I got a look over the spectacles that said, "Woman. Calm yourself."

I wasn’t ranting. Just for the record. I was simply indignant. My indignation arises, one supposes, from the knowledge that Naipaul remains a guiding hand. His body of work, some of which I re-read constantly, has shaped and also given legitimacy to some of my own thoughts and feelings. Each reading yields something new, like finding another piece of a puzzle that I have been building over 20-odd years. I don’t expect the puzzle to be done, but each discovery is always another breath that eases.

I planned to write this week’s column on the BBC list, but then decided that I should add my own list of books, which of course cannot be a full account given my limit of 800 words in this space.

However, should I begin with the books that inhabited the imagination of this child? Enid Blyton’s The Famous Five, Malory Towers and Anne of Green Gables certainly influenced a vision of the natural and social world. While they were not local settings, one could find among them characters who were similar in temperament to those in real life. And they were the hub where personal dreams were built.

Childhood is a particularly fertile time, a time when we begin to find and negotiate a space.

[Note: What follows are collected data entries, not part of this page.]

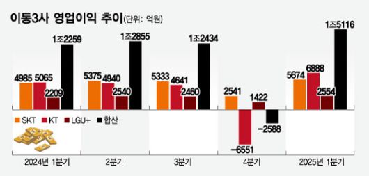SK텔레콤, KT, LG유플러스 국내 이동통신 3사의 올해 1분기 합산 영업이익이 1조5000억원을 돌파했다. 통신 및 비통신 분야의 고른 성장과 AI(인공지능) 사업 수익화가 본격 반영된 결과다. 다만 2분기는 SK텔레콤의 유심 해킹 사고 수습 비용으로 수천억원의 지출이 예상되면서 실적 감소는 불가피할 전망이다.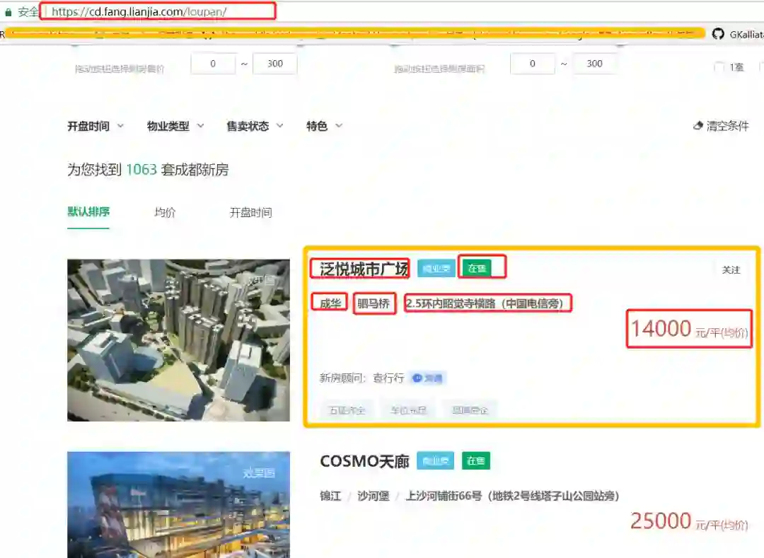 打开链家的新房主页,任意选择一个城市,然后按楼盘来查找,就是下面这个。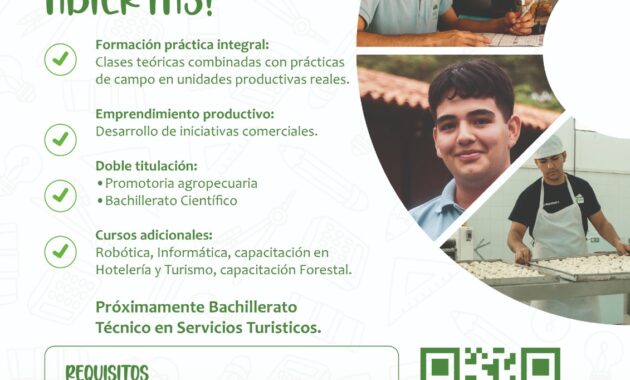 La propuesta académica incluye doble titulación en Bachillerato Técnico Agropecuario y Técnico en Hotelería y Turismo, junto con cursos de robótica, informática y manejo de drones, que incorporan la innovación tecnológica en la formación rural.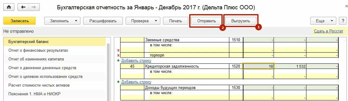 Для выгрузки отчета в файл нажмите кнопку «Выгрузить». Для передачи отчета через Интернет, нажмите кнопку «Отправить».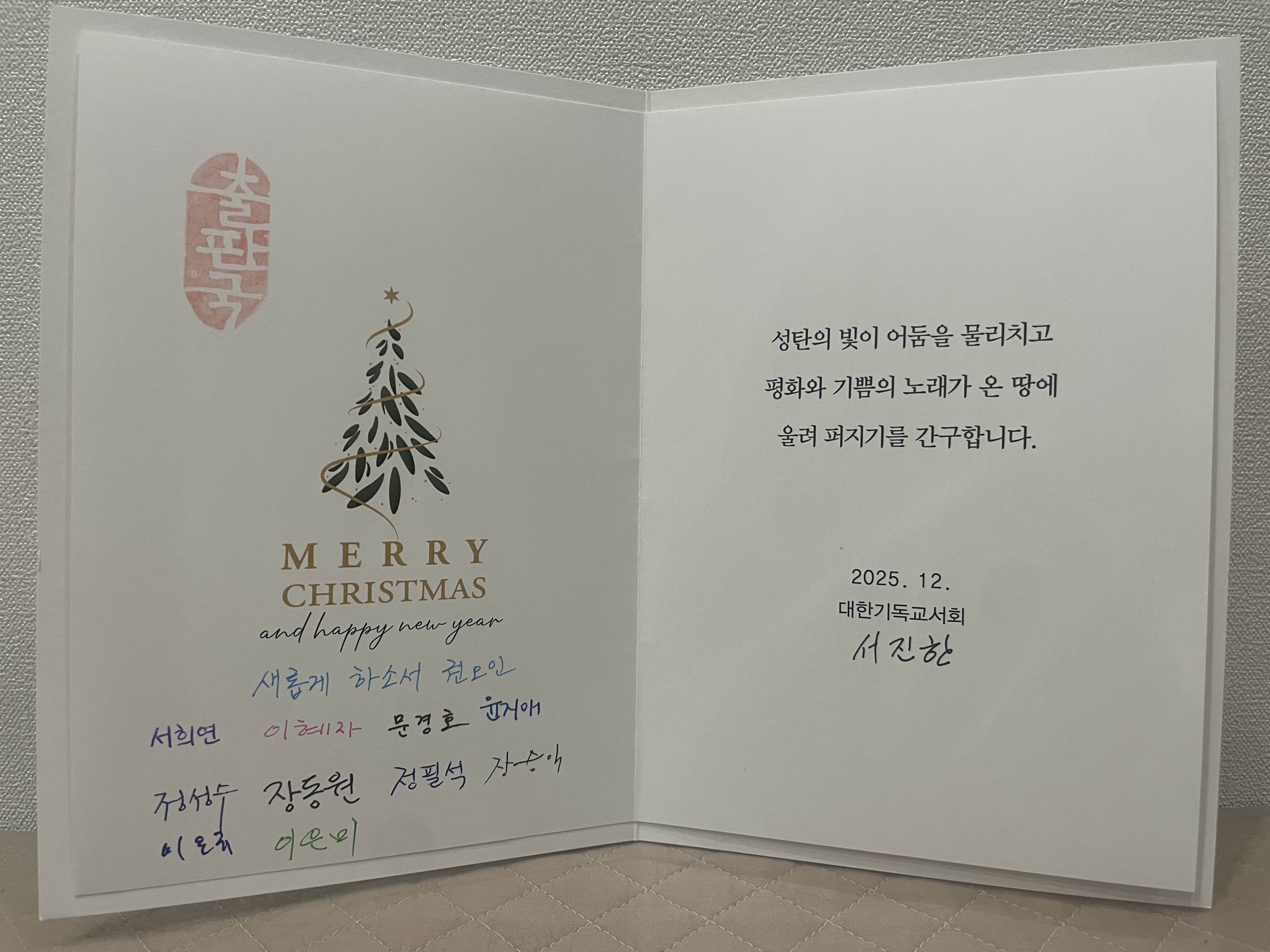대한기독교서회에서 출판국 직원들의 서명이 담긴 예쁜 성탄카드를 보내 주셨습니다. (사진 1,2) 아마도 올해 5월호부터 10월호까지 <기독교사상>에 여섯 차례 연재한 ‘내 삶의 등불이 되어준 대한기독교서회의 책들’을 기억해 주신것 같습니다. (사진 3) 역사와 전통을 자랑하는 <기독교사상>에 연재 지면을 허락받은 것만으로도 놀라운 일인데 이렇게 성탄 카드까지 보내주시니 더 감사하네요!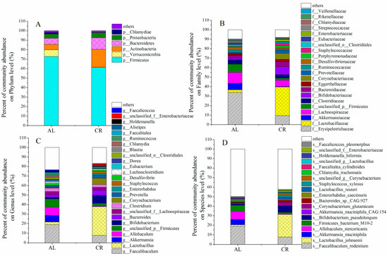 Effects of CR on gut microbiota in mouse feces. (A) On phylum level; (B) on family level; (C) on genus level; (D) on species level.

I, for one, could be found up the plum tree in our backyard, having my fill of governor plums while balancing on a branch, reading. On satsangh days, which were particularly strenuous on account of the overwhelming presence of people, I slept, thinking, like the ostrich, that I was making myself invisible. That way, my parents would forget me at home and I would be afforded the opportunity to read at leisure.

This could have worked, my father been in charge. Unfortunately, my mother’s memory is sharp and I suppose, she wouldn’t forget her child.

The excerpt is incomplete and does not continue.